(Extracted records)
-=-=-

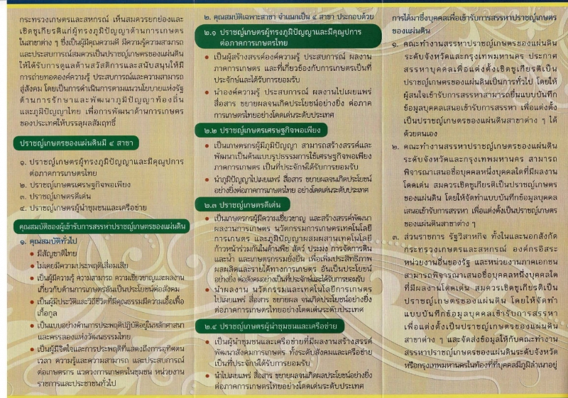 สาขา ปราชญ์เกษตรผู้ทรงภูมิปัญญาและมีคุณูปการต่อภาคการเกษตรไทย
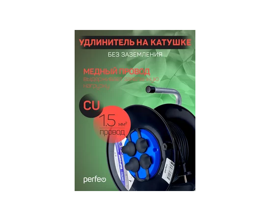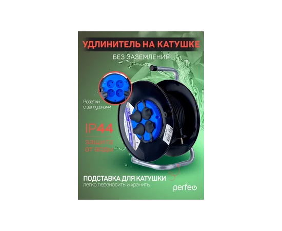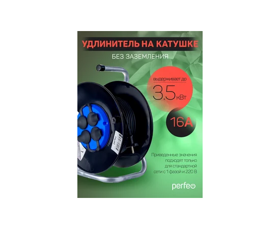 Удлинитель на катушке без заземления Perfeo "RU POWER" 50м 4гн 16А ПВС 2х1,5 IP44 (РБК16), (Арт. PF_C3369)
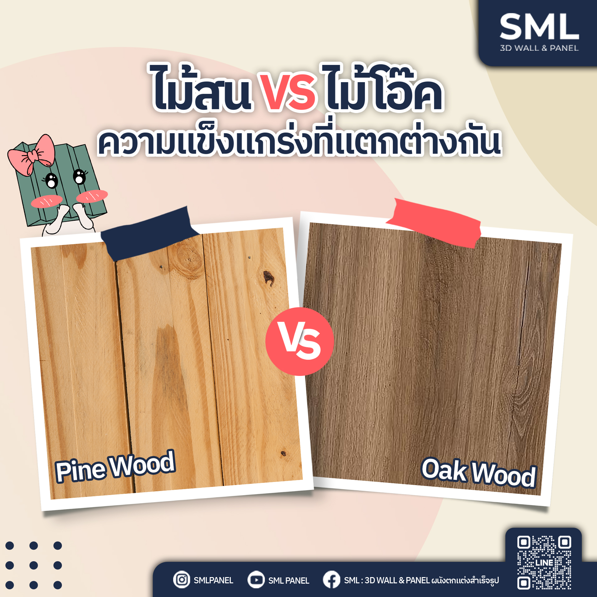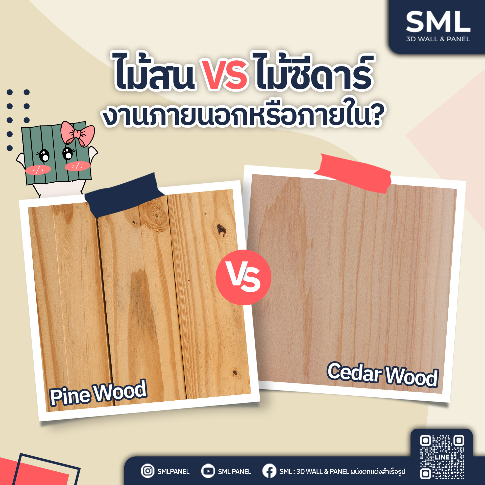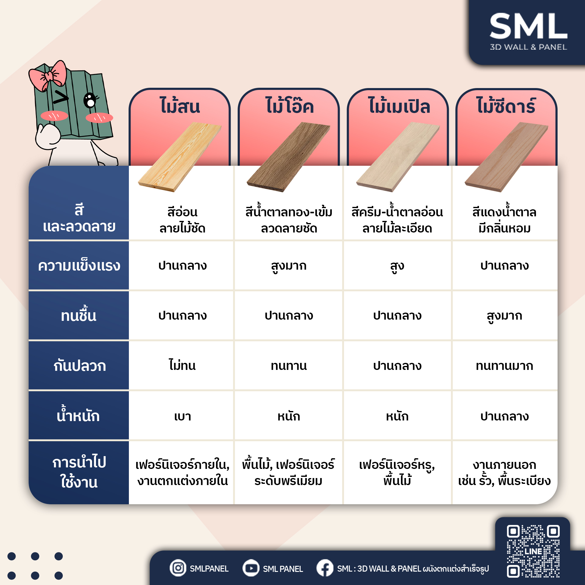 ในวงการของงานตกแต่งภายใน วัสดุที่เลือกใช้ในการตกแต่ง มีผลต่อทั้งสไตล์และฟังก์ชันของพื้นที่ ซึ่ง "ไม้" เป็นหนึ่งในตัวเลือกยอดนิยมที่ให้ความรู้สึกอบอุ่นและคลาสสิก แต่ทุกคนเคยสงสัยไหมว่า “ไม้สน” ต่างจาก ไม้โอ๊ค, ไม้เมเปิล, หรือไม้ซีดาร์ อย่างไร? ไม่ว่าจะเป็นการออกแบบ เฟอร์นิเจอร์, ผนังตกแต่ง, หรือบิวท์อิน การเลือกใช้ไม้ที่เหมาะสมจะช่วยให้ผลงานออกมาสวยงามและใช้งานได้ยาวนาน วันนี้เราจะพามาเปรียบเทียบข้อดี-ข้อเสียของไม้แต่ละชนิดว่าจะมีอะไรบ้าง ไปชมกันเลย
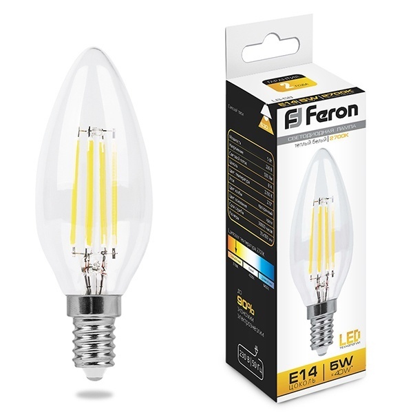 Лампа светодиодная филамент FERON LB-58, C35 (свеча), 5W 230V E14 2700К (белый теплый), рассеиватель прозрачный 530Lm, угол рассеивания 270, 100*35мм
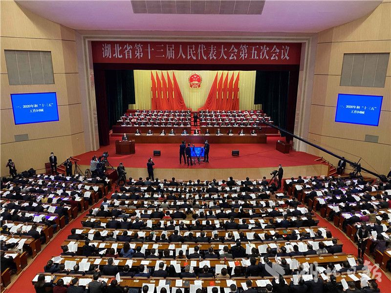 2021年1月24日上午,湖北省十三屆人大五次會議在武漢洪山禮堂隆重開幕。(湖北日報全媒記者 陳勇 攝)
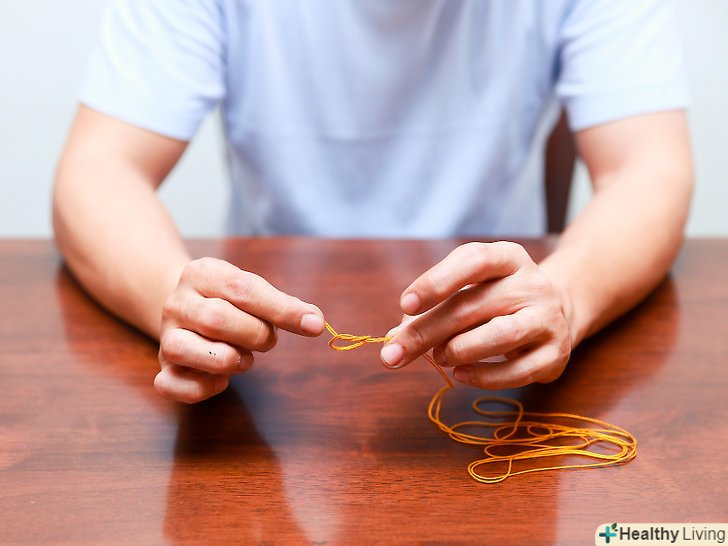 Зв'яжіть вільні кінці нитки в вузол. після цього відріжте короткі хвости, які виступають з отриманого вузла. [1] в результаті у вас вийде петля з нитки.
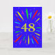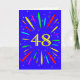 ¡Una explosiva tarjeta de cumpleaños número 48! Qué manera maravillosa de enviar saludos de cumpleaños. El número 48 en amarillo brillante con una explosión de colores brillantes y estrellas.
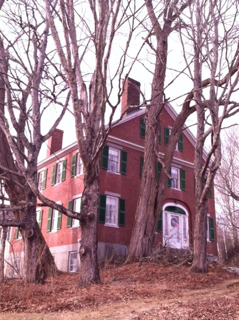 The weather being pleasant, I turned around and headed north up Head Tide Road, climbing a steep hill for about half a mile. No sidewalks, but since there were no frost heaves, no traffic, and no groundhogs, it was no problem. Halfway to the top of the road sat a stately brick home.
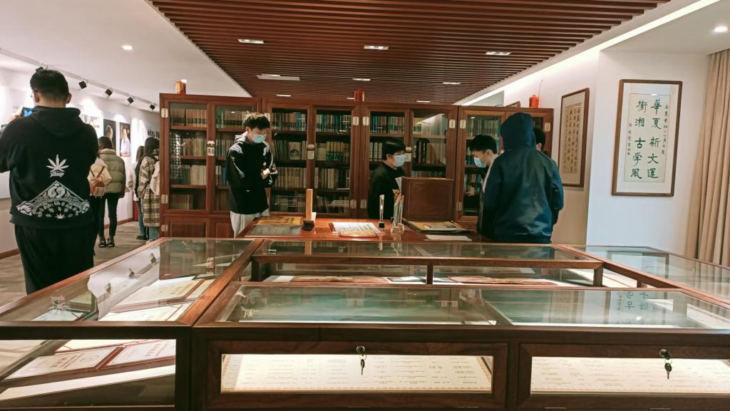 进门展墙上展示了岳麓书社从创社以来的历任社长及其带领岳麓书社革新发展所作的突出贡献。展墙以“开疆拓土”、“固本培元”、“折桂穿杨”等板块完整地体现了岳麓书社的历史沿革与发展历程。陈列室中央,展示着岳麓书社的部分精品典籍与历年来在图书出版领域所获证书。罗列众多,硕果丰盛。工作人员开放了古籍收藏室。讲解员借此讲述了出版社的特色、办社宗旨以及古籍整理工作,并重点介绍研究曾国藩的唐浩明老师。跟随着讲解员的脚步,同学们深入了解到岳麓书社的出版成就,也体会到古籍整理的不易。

-=-=-

| Task to complete |
Nothing but the lines from the one holding "ไม้โอ๊ค, ไม้เมเปิล, หรือไม้ซีดาร์" through the final line of the records above belongs in the answer, each retyped exactly; omit the pictures.

| Expected answer |
 ในวงการของงานตกแต่งภายใน วัสดุที่เลือกใช้ในการตกแต่ง มีผลต่อทั้งสไตล์และฟังก์ชันของพื้นที่ ซึ่ง "ไม้" เป็นหนึ่งในตัวเลือกยอดนิยมที่ให้ความรู้สึกอบอุ่นและคลาสสิก แต่ทุกคนเคยสงสัยไหมว่า “ไม้สน” ต่างจาก ไม้โอ๊ค, ไม้เมเปิล, หรือไม้ซีดาร์ อย่างไร? ไม่ว่าจะเป็นการออกแบบ เฟอร์นิเจอร์, ผนังตกแต่ง, หรือบิวท์อิน การเลือกใช้ไม้ที่เหมาะสมจะช่วยให้ผลงานออกมาสวยงามและใช้งานได้ยาวนาน วันนี้เราจะพามาเปรียบเทียบข้อดี-ข้อเสียของไม้แต่ละชนิดว่าจะมีอะไรบ้าง ไปชมกันเลย
 Лампа светодиодная филамент FERON LB-58, C35 (свеча), 5W 230V E14 2700К (белый теплый), рассеиватель прозрачный 530Lm, угол рассеивания 270, 100*35мм
 2021年1月24日上午,湖北省十三屆人大五次會議在武漢洪山禮堂隆重開幕。(湖北日報全媒記者 陳勇 攝)
 Зв'яжіть вільні кінці нитки в вузол. після цього відріжте короткі хвости, які виступають з отриманого вузла. [1] в результаті у вас вийде петля з нитки.
 ¡Una explosiva tarjeta de cumpleaños número 48! Qué manera maravillosa de enviar saludos de cumpleaños. El número 48 en amarillo brillante con una explosión de colores brillantes y estrellas.
 The weather being pleasant, I turned around and headed north up Head Tide Road, climbing a steep hill for about half a mile. No sidewalks, but since there were no frost heaves, no traffic, and no groundhogs, it was no problem. Halfway to the top of the road sat a stately brick home.
 进门展墙上展示了岳麓书社从创社以来的历任社长及其带领岳麓书社革新发展所作的突出贡献。展墙以“开疆拓土”、“固本培元”、“折桂穿杨”等板块完整地体现了岳麓书社的历史沿革与发展历程。陈列室中央,展示着岳麓书社的部分精品典籍与历年来在图书出版领域所获证书。罗列众多,硕果丰盛。工作人员开放了古籍收藏室。讲解员借此讲述了出版社的特色、办社宗旨以及古籍整理工作,并重点介绍研究曾国藩的唐浩明老师。跟随着讲解员的脚步,同学们深入了解到岳麓书社的出版成就,也体会到古籍整理的不易。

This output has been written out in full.